Weekly Summary

Avalanche Weekly Summary - February 27, 2025

Northern Mountains
In the Northern Mountains, significant snowfall ended on February 21 with the upslope storm, followed by a few additional inches in the northernmost areas through the 25. A day-over-day warming trend began on the 26 as high pressure set in. Over the past week, 86 avalanches have been reported, 40 of which were D2 or larger. Many of these were Persistent Slab avalanches that stepped down to weak snow near the ground rather than just running on the storm interface.
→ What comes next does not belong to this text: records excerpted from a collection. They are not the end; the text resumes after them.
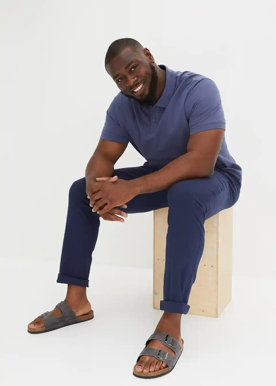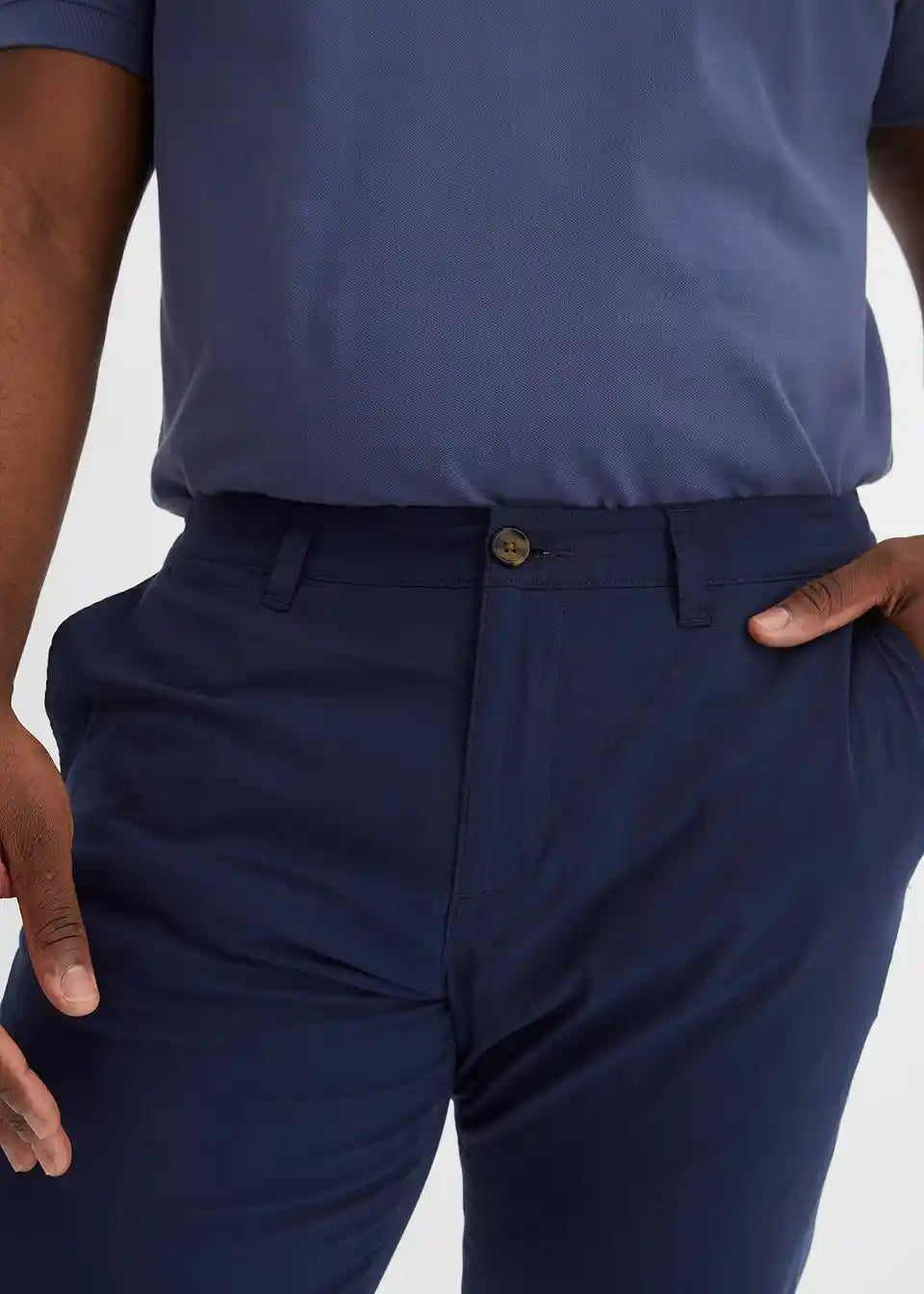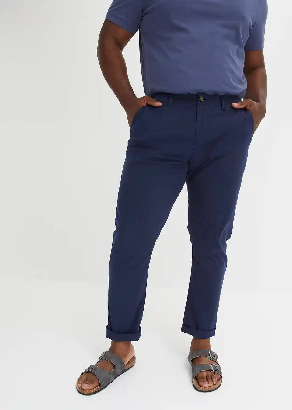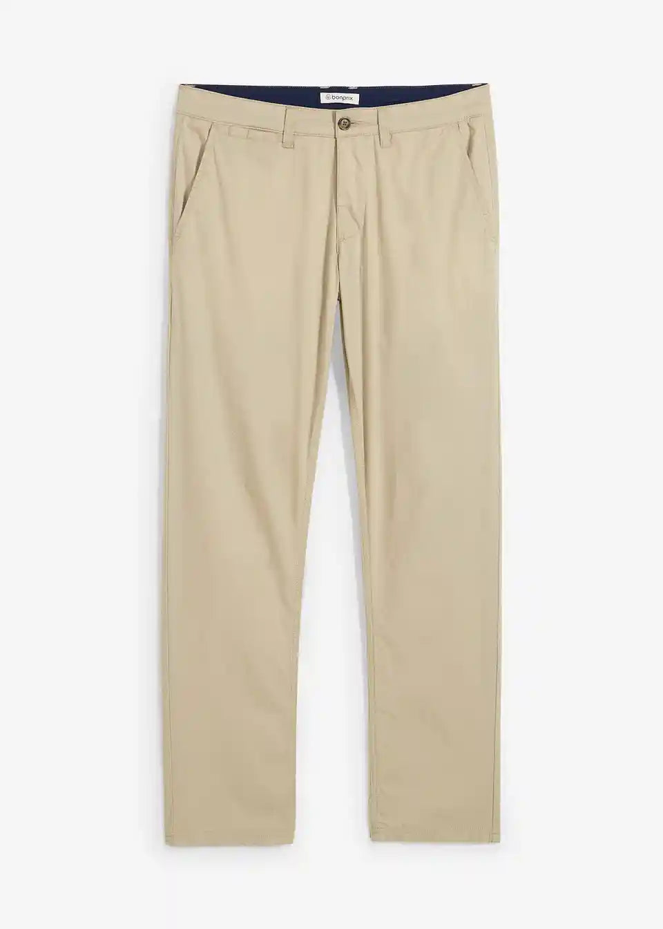 ljetne Chino hlače od lagane mješavine pamuka, normalnog kroja. S bočnim džepovima i paspuliranim džepovima straga s gumbima. Patentni zatvarač i gumb sprijeda.
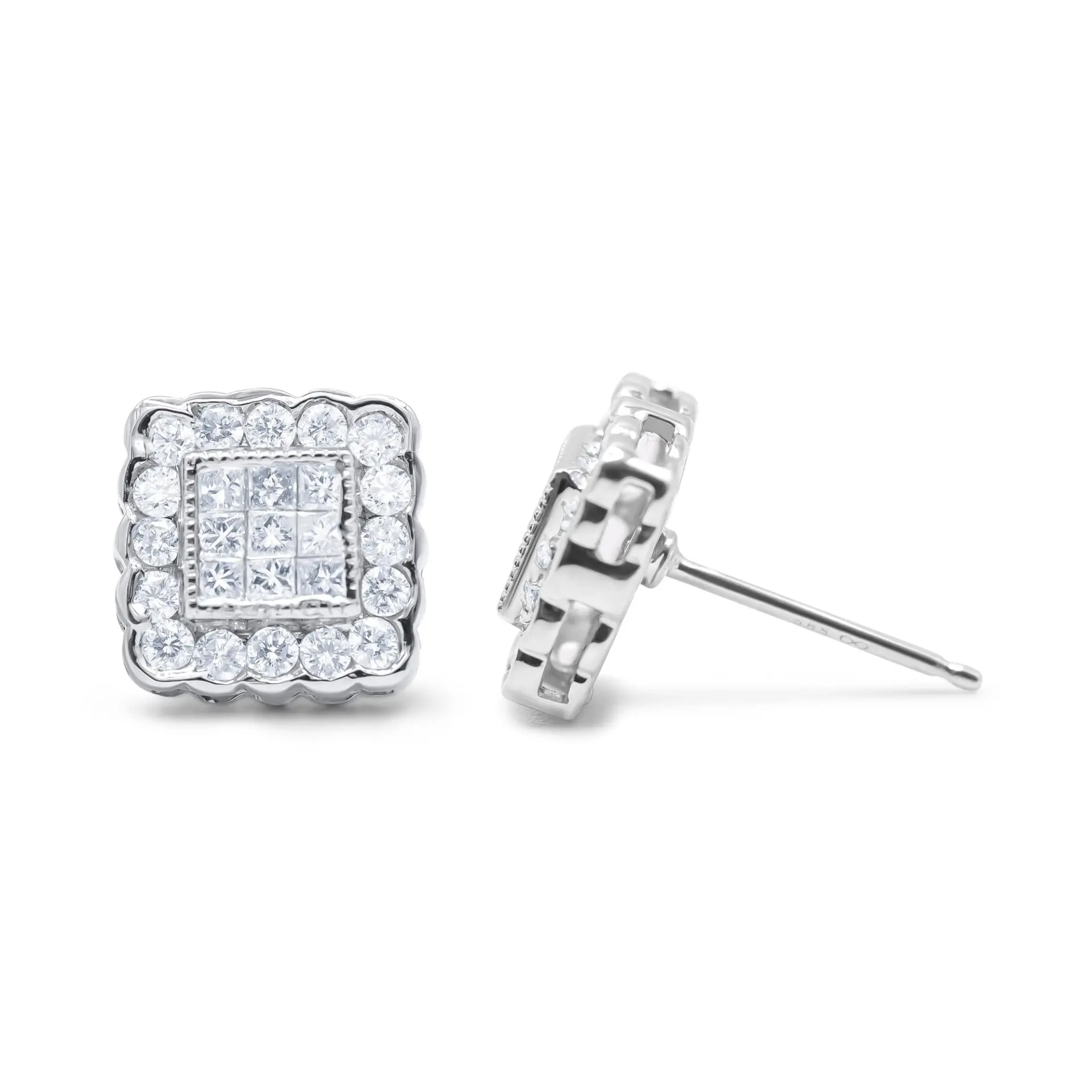 Beautifully crafted of high-quality 14-karat white gold, these stunning square shaped stud earrings hold 1.1 carat of dazzling, round and princess cut diamonds. Polished to a high shine finish, these earrings secure with push-on-screw-off clasp. Wear it up for a casual everyday wear or for any occasion.
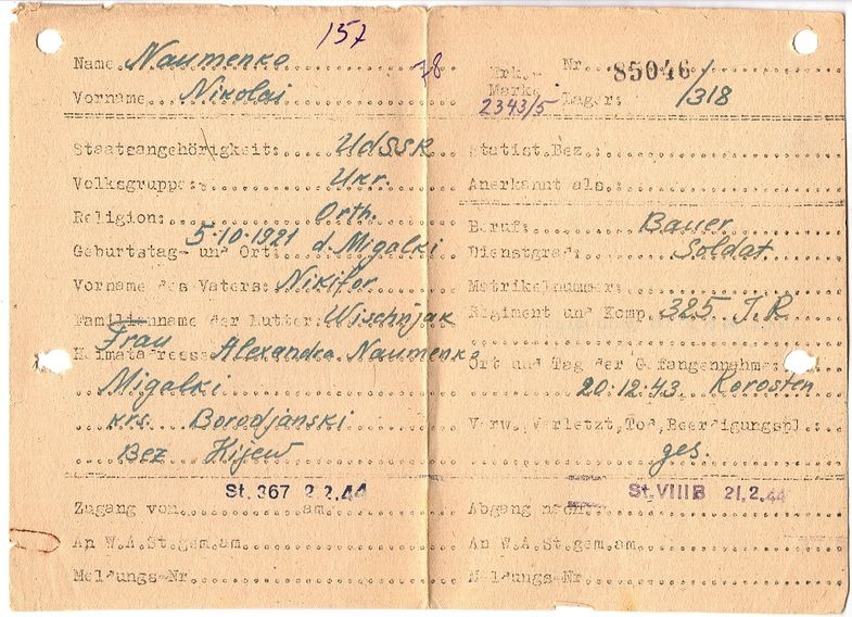 Военнопленные, трофейные карточки. Киевская обл.
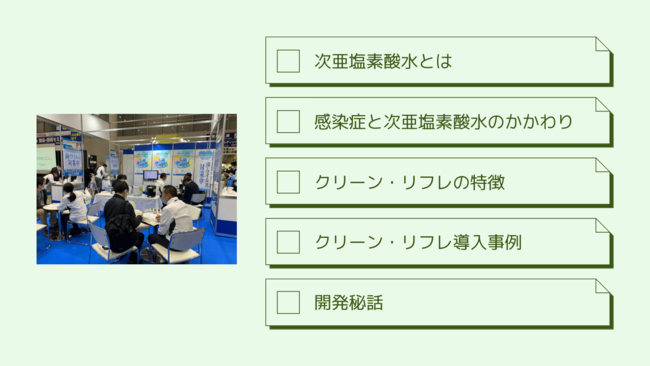 展示会期間中、開発者内海洋氏によるプチ講演会をブース内で行いました。次亜塩素酸水について、クリーン・リフレの特徴など、開発者だから話せるこだわりや秘話をお伝えしています。

Mitigation efforts continue to produce surprising results, with some paths running larger than expected from small explosives. Tragically, a rider died in an avalanche near Berthoud Pass. 

Central Mountains
In the Central Mountains, no significant new snow has fallen since February 16, but the Valentine’s storm snow has settled into a widespread, terrain-spanning slab over one or more faceted weak layers. During the past week, people reported more than 57 large (D2 or larger) Persistent Slab avalanches. In the last few days, both natural and human-triggered slides have occurred, though at a slower pace. A skier was caught and partially buried in Elk Creek near Crested Butte.

Southern Mountains
Little new snow fell last week in the Southern Mountains. The weather of note was the couple of warm-ups. The snowpack has yet to stabilize, with both avalanche activity and accidents continuing. Since February 19th, there have been 16 large (D2 or larger) avalanches, with 12 triggered by people. Tragically, a fatal avalanche occurred near Ophir Pass, highlighting the continued hazard. Additionally, two skiers were caught in avalanches near McMillan Mountain and Yellow Mountain.

Heading Into the Weekend
A significant warm-up heading into the weekend will increase wet avalanche concerns on southerly terrain, starting with loose wet avalanches and potentially leading to wet slab avalanches if the warming trend continues. Additionally, the warm-up will make Persistent Slab avalanches more sensitive to triggers on northerly slopes, potentially keeping our long-running pattern of large avalanches going into the weekend.